Another nurse, Diane McClure, told Vox that the botched handling of a suspected Ebola patient at her hospital (Kaiser Permanente South Sacramento) in mid-August still hasn't resulted in any hands-on training. "We were not prepared," McClure said, "and we still are not prepared."
"When you look at what happened in Dallas," Burger said, "it wasn't because of the nurses' breach in protocol. It was because the employer at that hospital who said they were ready for a potential Ebola patient did not have the proper equipment available for the nurses or the protocols in place."
While health officials are still investigating exactly how the Dallas nurses got sick, it's clear more could have been done to protect them. Their infections were avoidable, and future infections of health workers will be inexcusable.
The CDC urges health workers to "think Ebola"

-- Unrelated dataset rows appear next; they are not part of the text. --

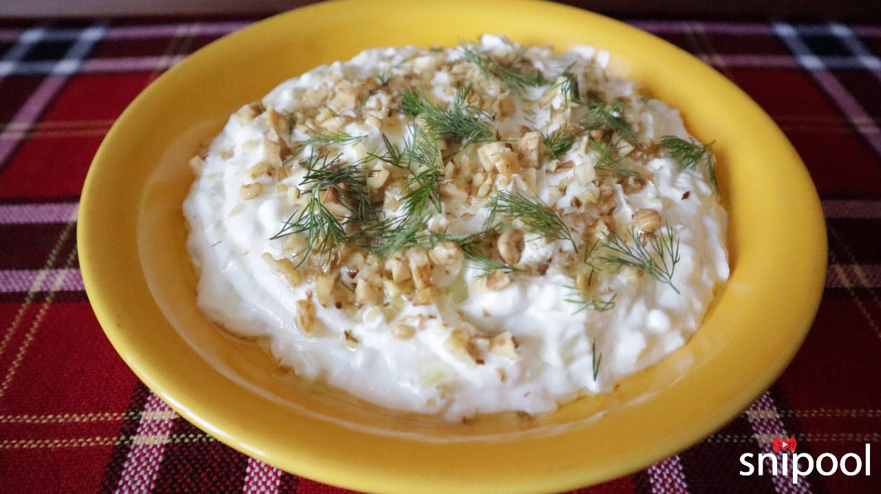 - Презентираме като оформим топки с лъжица за сладолед или в дълбока чиния. Добавяме отгоре струйка зехтин, натрошени (смлени) орехи и накъсан копър.
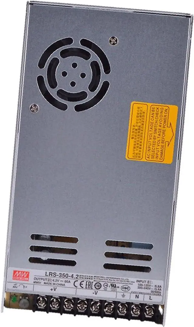 The TorqCali LRS-350-4.2 is a 350W single output enclosed power supply that delivers a reliable 4.2V DC output at 60A. Designed with a compact 30mm low profile and utilizing a 115-230VAC universal input, this power supply is ideal for a variety of applications where space is limited. This unit features high efficiency, reaching up to 81%, reducing energy consumption and heat generation.
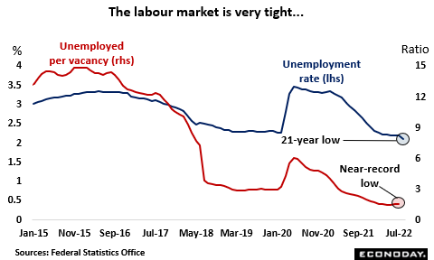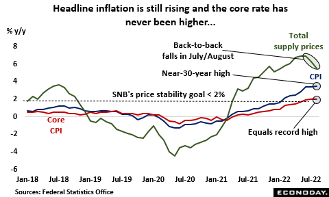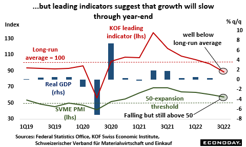 Indeed, as the Ukraine war has rumbled on, forward-looking indicators have pointed to a potentially sharp slowdown in economic growth. The KOF’s leading economic index has slumped more than 16 points since April and in August touched its weakest level since July 2020 in the midst of the first Covid wave. The SVME PM remains much more optimistic but this too is well off recent highs and, according to the OECD, a steady and ongoing decline put consumer confidence last month at its lowest mark since March 2021. The State Secretariat for Economic Affairs (SECO) is due to update its economic forecasts tomorrow.
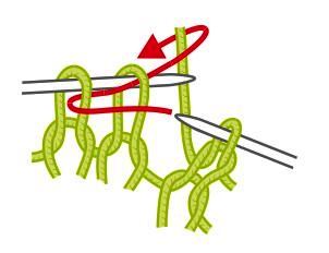 Заводим спицу в эти п. с правой стороны на левую, перекручивая их.
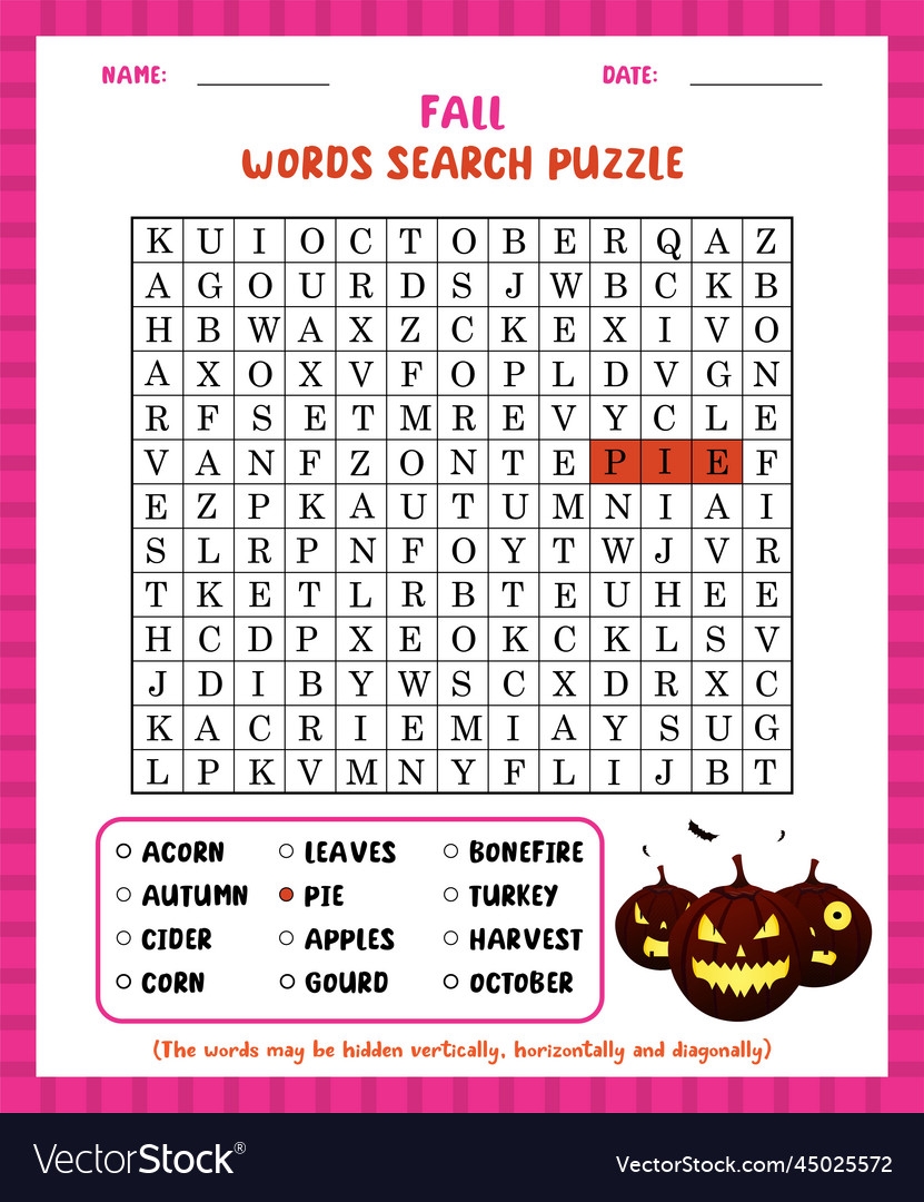 Word Search Game Fall Puzzle Worksheet Royalty Free Vector
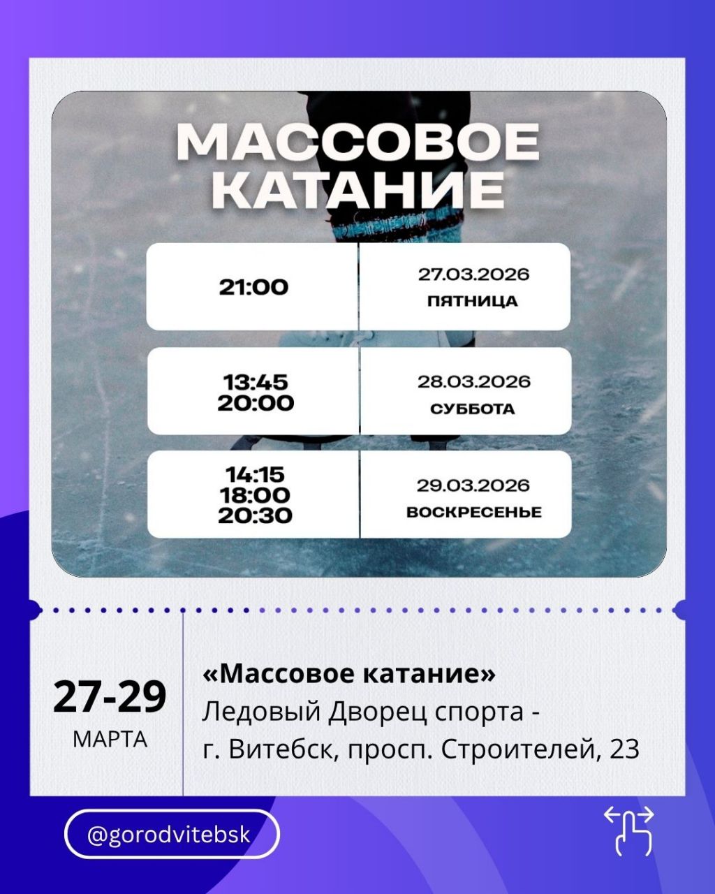 Для тех, кто предпочитает активные выходные, подойдёт массовое катание в Ледовом дворце (27–29 марта) — отличный вариант провести время с друзьями или семьёй.
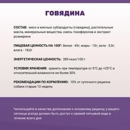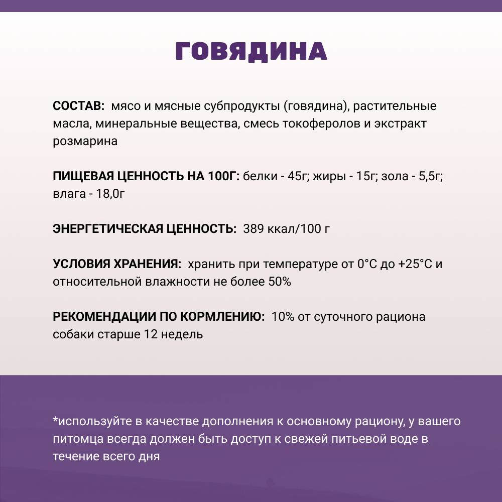 - Натуральный источник белка: говядина богата легкоусвояемыми аминокислотами, которые поддерживают мышцы и энергию собаки.
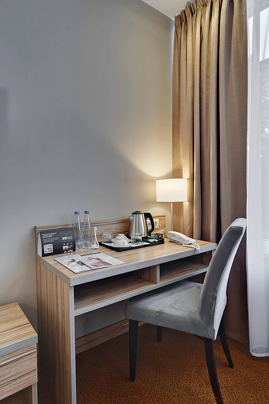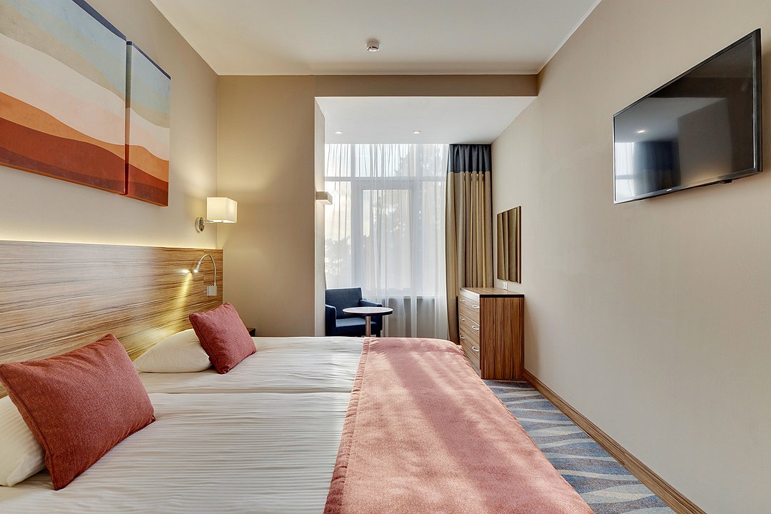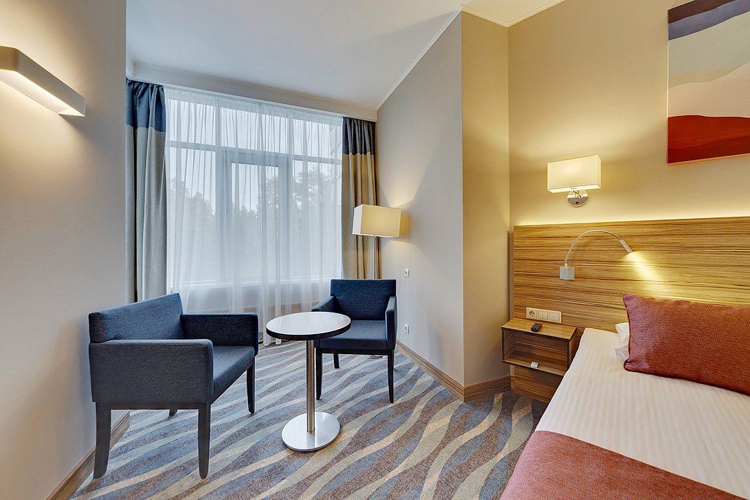 Номера «Стандарт» расположены с 1 по 4 этаж отеля, часть номеров выходит окнами в сторону Финского залива, часть – на живописный парк. В номере могут комфортно разместиться 1-2 гостя. Номера оснащены всем необходимым для комфортного отдыха.
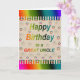 HAPPY BIRTHDAY Great Uncle Card. A very colorful rainbow card with a fawn background. Inside the card says HAVE AN AWESOME DAY.
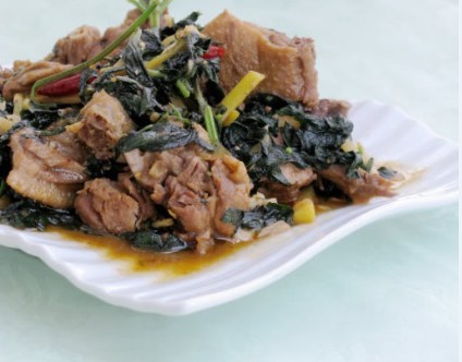 7.放入鴨塊、腐乳,加入醬料翻炒均勻。
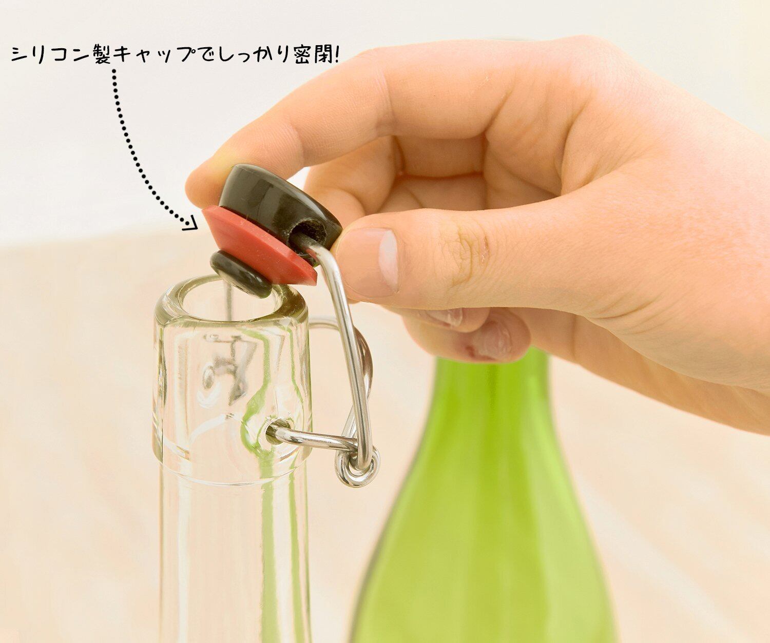 素材・材質:キャップ=ポリプロピレン/金具=ステンレス/パッキン=シリコン/ボトル=ソーダガラス
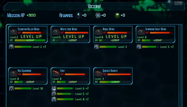 The victory screen now displays all crew members on each ship, if any, and the experience they gain. Crew members gain the same experience as the ship they are equipped to. This experience is for the crew member personally, and it stays with them even if you assign them to a new ship.
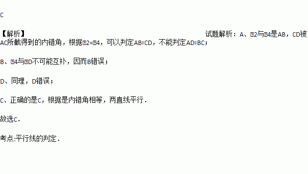 B. ∵∠4+∠D=180°,∴AD∥BC
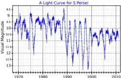 S Persei varies slowly by several magnitudes, a factor of over 40 in brightness. It has a main period of somewhat over two years, but shows significant unpredictability. There is a strong variation in the amplitude from around one magnitude to about four magnitudes, and these have been interpreted as beats due to a second period of about 940 days.[15] Other analyses find only the primary period of 813 ± 60 days.[16]

We can say "hindsight is 20/20" and that Texas Presbyterian is the test case. We can view the mistakes in Dallas as a learning experience at a hospital with no prior Ebola experience — albeit one that might have cost several lives.
But we need to make sure that the Dallas lesson is learned by clinics and hospitals across the US. Now.
In its guidance to hospitals, the CDC recommends, among other things, isolating suspected Ebola patients, and making sure health workers have access to impermeable gowns, face masks, neck hoods, shoe and leg coverings, and eye goggles.
The agency can't enforce these guidelines, so it's up to hospitals to get in shape for a potential case. And, as American tropical medicine expert Mark Kortepeter wrote in the Annals of Internal Medicine, doing so won't be easy. To get a sense of what Ebola preparedness means, check out his detailed list:
"Every piece of the care continuum must be well-choreographed with significant attention to detail. At a minimum, preparations must be made for patient entry and movement pathways, optimal patient location and access control, safe donning and doffing of personal protective equipment (PPE), handling and testing of laboratory specimens, disposal of significant volumes of waste, safe and unexpected cleanup of spills and bodily waste, and minimizing use of sharps. Donning and doffing of PPE need to be regimented and monitored, with plans in place for peer policing. Lapses inevitably occur in infection control routines in conventional medical settings, but once a patient enters the facility, there is no margin for error. Significant risk for infection control errors occurs especially during doffing of potentially contaminated PPE."
At the Ebola Congressional hearing, CDC director Tom Frieden put it more simply. He said health professionals need to "think Ebola" from here on out. Take a travel history, he urged, and "any time a patient is suspected, isolate them."
Dallas didn't do that. But again, Dallas was the first. When more Ebola patients unexpectedly turn up here, hospitals need to be ready — not only to care for their patients but also to protect their staff.